Он здесь неизвестная величина, Джесс.
Мысленно она вернулась к тому моменту, когда в первый раз увидела Адама Стона. Вандализм в отношении ее машины, пропитанное мочой письмо, порванное нижнее белье – все это случилось уже после той встречи. Адам Стон знал, где она работает. Он знал, где она живет. Он даже проспал ночь на ее тахте.
Ладно, молчаливо согласилась со своими мыслями Джесс, у него была возможность сделать все это. Джесс устремила внимательный взгляд в его спокойные карие глаза. Но что бы могло побудить его терроризировать ее?

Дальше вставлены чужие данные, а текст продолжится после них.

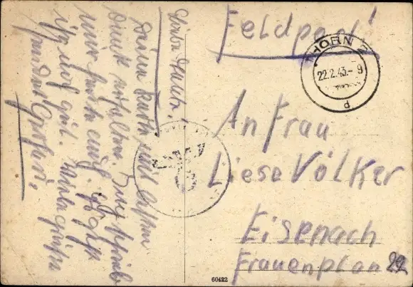 gelaufen 1943, Eckknicke, leicht fleckig, sonst guter Zustand
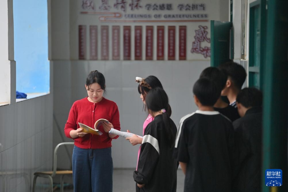 在廣西大化瑤族自治縣板升鄉初級中學,蒙秋艷(左二)為學生輔導學習(2025年5月27日攝)。
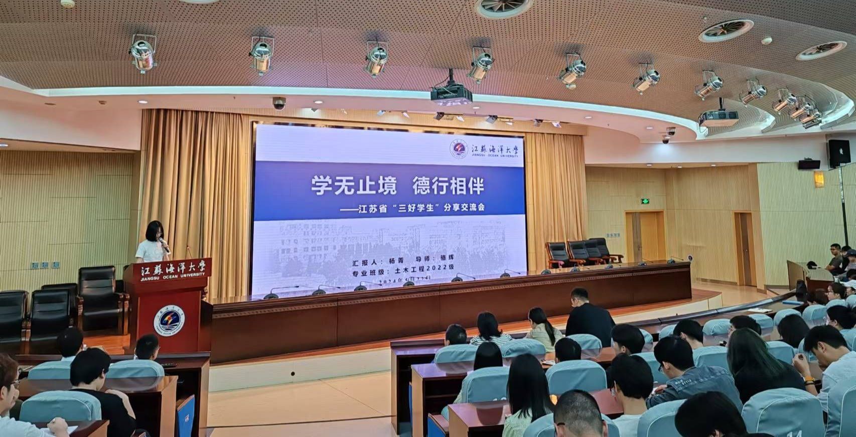 江苏省“三好学生”称号获得者——土木与港海工程学院2022级研究生杨菁以《学无止境 德行相伴》为题,从“崇德向党 秉正撷英——政治思想”“勤学善思 钻研无惧——学业科”“心怀热忱 向光而行——日常生活”“力行践知 笃行不怠——社会实践”四个方面分享了自己的学习科研生活经验和感受,强调制定学习计划、合理安排时间的重要性,鼓励大家要多向导师学习请教、多和同学交流讨论,以免陷入孤立思考的误区。该生荣获一等学业奖学金1次、二等学业奖学金1次、2022-2023学年“校优秀研究生”称号,发表北大中文核心论文1篇(一作)、SCI论文3篇;荣获2022年江苏省大学生给排水(环境工程类)创新、创业与实践第四届“瑞洁特杯”竞赛论文类团体三等奖(排名第1)等奖项3项,积极参加社会实践和志愿服务。
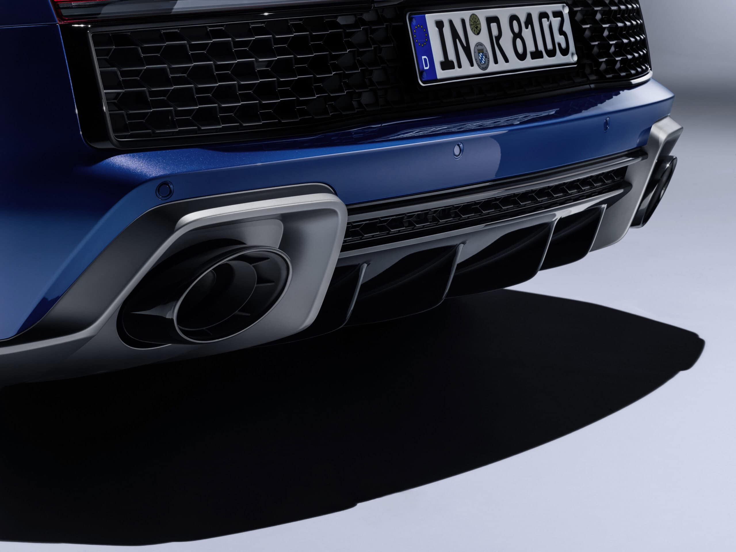 Finally, the bodywork an Audi R8 deserves. Along with an aggressive, more chiselled exterior, the 2019 Audi R8 boasts more power (though itโs yet to be confirmed exactly how much), new and bolder colourways, along with a completely re-vamped rear end. Similar to the RS6, the new R8 features oval-shaped tailpipes as opposed to the previously boxed exhausts, though only one photo of the new rear has been officially shared.
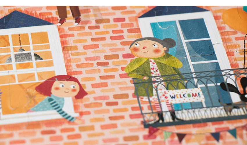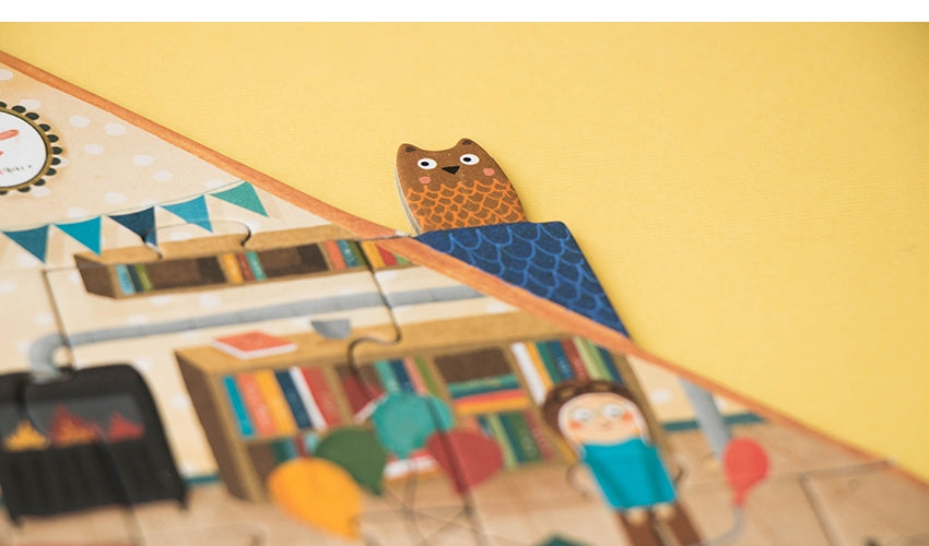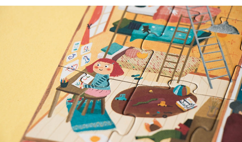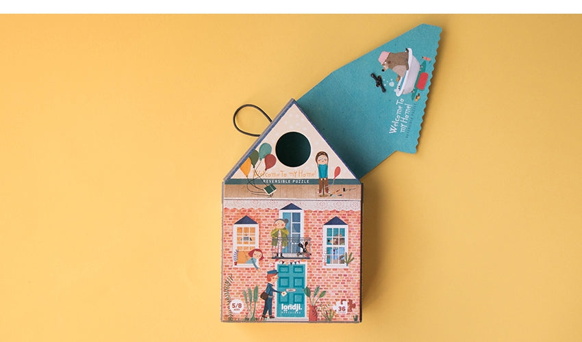 Das süße doppelseitige Puzzle von Londji zeigt ein lebhaft bewohntes Zuhause auf zwei Seiten: einmal die Hausfassade von außen und einmal die vielen Räume im Inneren des Hauses. Wir bekommen einen Einblick in die liebevoll eingerichteten Zimmer des Heims und könne jede Ecke mit ihren Details und die freundlichen Bewohner kennenlernen.

Мысленно она перелистала досье своей памяти. Могло ли так быть, что она когда-то обвиняла его? Посадила его в тюрьму? Может быть, он приходился братом кому-то, кого она засадила за решетку. Или другом. Может быть, он чей-то наемный убийца.
А может быть, это воскресший из мертвых Аль Капоне, усмехнулась она. Может быть, остаток жизни она проведет за тем, что будет выяснять мотивы каждого мужчины, который проявил к ней хоть малейший интерес. Господи, он же не собирается убивать меня, подумала она, отходя в сторону и пропуская Адама в квартиру. Он хочет затащить меня в постель.
– Мне было любопытно, что вчера произошло, – сказал он, снимая куртку и бросая ее поверх ее пальто, как будто их одежда состояла в любовной связи.
Джесс рассказала ему, что ей пришлось сообщить о смерти Конни Девуоно ее матери и сыну, а также об успешном проведении сегодняшнего судебного заседания. Она опустила то, что случилось между этими двумя событиями, что она провела ночь со своим бывшем мужем.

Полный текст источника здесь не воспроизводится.